Hardy Pramono, Executive Vice President Operations and East Kalimantan District Manager Total E&P Indonesie, menyebutkan produksi migas di Blok Mahakam terus menurun. Saat ini, produksi migas Blok Mahakam mencapai 390.000 barel setara minyak per hari. Perinciannya, produksi minyak mentah 70.000 barel per hari dan produksi gas sebesar 1.780 mmscfd. Total kini fokus menahan penurunan produksi, misalnya dengan intervensi teknologi dan mengebor 100 sumur baru setiap tahun.

Bersamaan dengan upaya menahan penurunan produksi migas, hiruk pikuk soal status kontrak Blok Mahakam terus bergulir di Jakarta. Jero Wacik, Menteri Energi dan Sumber Daya Mineral (ESDM) menyatakan tak akan buru-buru memutuskan status Blok Mahakam, memperpanjang kontrak Total atau menyerahkannya ke PT Pertamina, perusahaan migas milik negara.

Wacik bilang, keputusan Blok Mahakam bisa saja dilimpahkan ke Menteri ESDM di era pemerintahan baru setelah Presiden Susilo Bambang Yudhoyono mengakhiri masa jabatannya pada tahun 2014 nanti.
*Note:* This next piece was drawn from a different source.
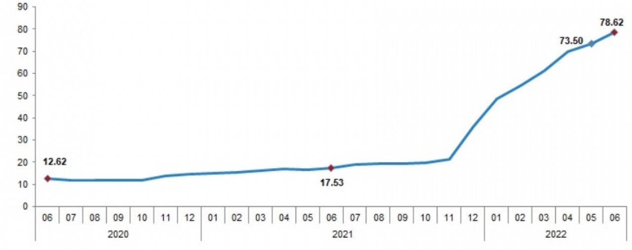Le autorità turche hanno annunciato una nuova serie di misure per contrastare l’elevato tasso di inflazione, che ha mostrato una ulteriore accelerazione su base annua. I dati appena diffusi da TurkStat per giugno 2022 indicano un tasso di inflazione che sale a 78,62% (il picco più altro dal 1998) con il CPI che in un solo mese è cresciuto del 4,95% rispetto a maggio 2022. Dal 1 luglio il salario minimo è stato aumentato, per la seconda volta nel 2022, del 30% (ora salito a oltre 330 dollari).

Meski begitu, Pertamina tetap tertarik mengelola Blok Mahakam lantaran cadangan migas di sana masih cukup besar, yakni 2 triliun kaki kubik (tcf), mengacu perhitungan SKK Migas. Dengan asumsi itu, potensi penghasilan operator bisa mencapai Rp 171 triliun hingga 2032 atau sekitar Rp 15 triliun per tahun. "Kami masih menunggu keputusan pemerintah. Kami juga siap mengeluarkan investasi besar untuk mengembangkan Blok Mahakam," ujar Ali Mundakir, Vice President Communications Pertamina, belum lama ini.

Manajemen Total E&P Indonesie juga masih berminat mengelola Blok Mahakam. Total mengajukan usul agar pemerintah menetapkan masa transisi selama lima tahun setelah kontrak di Blok Mahakam berakhir pada tahun 2017. Ini berarti, Total ingin mengelola blok itu hingga 2022.

Di tengah perebutan Blok Mahakam, para karyawan di lapangan migas itu hanya ingin bekerja dengan tenang, siapa pun pengelola blok migas tersebut kelak. "Kami ingin bekerja secara profesional dan tidak ikut-ikutan politik," tutur Ramia Darma, Kepala Lapangan Bekapai. Di Blok Mahakam ini, Total mempekerjakan sedikitnya 4.000 karyawan.